Between 1967 and 1970, Enrico Natali captured on film the essence of life in Detroit, before its fall from grace.
“In a way, it’s sort of the cusp of an end of an era,” he says. “The decline was not yet visible.”
His black-and white images – more than 120 in all – depict a city that seems permeated by an optimism prevalent across all socio-economic strata.
“My intention was to photograph a broad cross-section of the population at all levels, from the ghetto to the top echelons of power and wealth,” he says.
He succeeded. And by deliberately constraining his technological options, he found that he could open up his channels of creativity.
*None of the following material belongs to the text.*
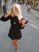 suiting flared mini dress black is crafted from structured recycled polyester and features a fitted bodice with flared hem. the design includes voluminous long sleeves and a round neckline. the back has a teardrop-shaped opening with a button closure. the dress has lining.

“I only photographed people, and I only used one lens, one type of film, one developer, one size of print – and I never cropped a photograph,” he says. “If you use just one focal length lens you begin to see through that lens.”
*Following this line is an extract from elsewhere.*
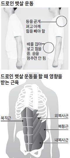 일본에서 시작돼 최근 국내에서도 주목 받고 있는 '드로인(draw in) 뱃살 운동'인데, 움직이지 않아도 되고 앉은 자리에서도 할 수 있다. 이 운동만 2주일간 한 뒤 허리 둘레가 7㎝ 줄었다거나, 매일 아침 걷기 운동을 해도 잘 빠지지 않던 체중이 이 운동을 병행하니 6㎏이나 빠졌다는 체험 사례가 있다.

His photographs capture a calm before the storm, with people attending hockey games, art exhibitions and high school proms. There are families posing together, secretaries with their cigarettes, and machinists, waitresses and beauticians plying their trades. Images of both young and old haunt what’s now turned into a bankrupt landscape.
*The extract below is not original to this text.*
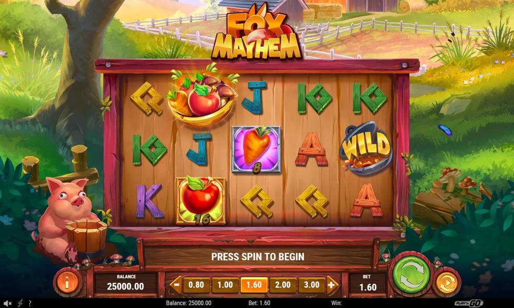 Слот Fox Mayhem от Play'n Go приглашает всех любителей азартных игр в пригород, на уютную и ухоженную ферму. Лето подходит к концу, урожай поспевает, а уставший от ежедневных забот фермер прилег поспать. И тут начался беспредел! Хитрый лис и прожорливый поросенок хотят добраться до свежих овощей, а хищник еще и до аппетитного бекона оппонента. Помогите навести порядок в этом некогда спокойном месте.

“It’s like seeing a different era, with all these people on the street,” he says. “There’s nostalgia for a time when the world was not so difficult,” he says. “It was, but maybe we had it together more then than we do now.”
Or perhaps we were just more innocent.
Detroit 1968 will be published with a foreword by Mark Binelli by Foggy Notion Books form in coming weeks. And Natali’s work will be on display from Nov. 2 through Dec. 21 at the Joseph Bellows Gallery at 7661 Girard Ave., La Jolla, Calif.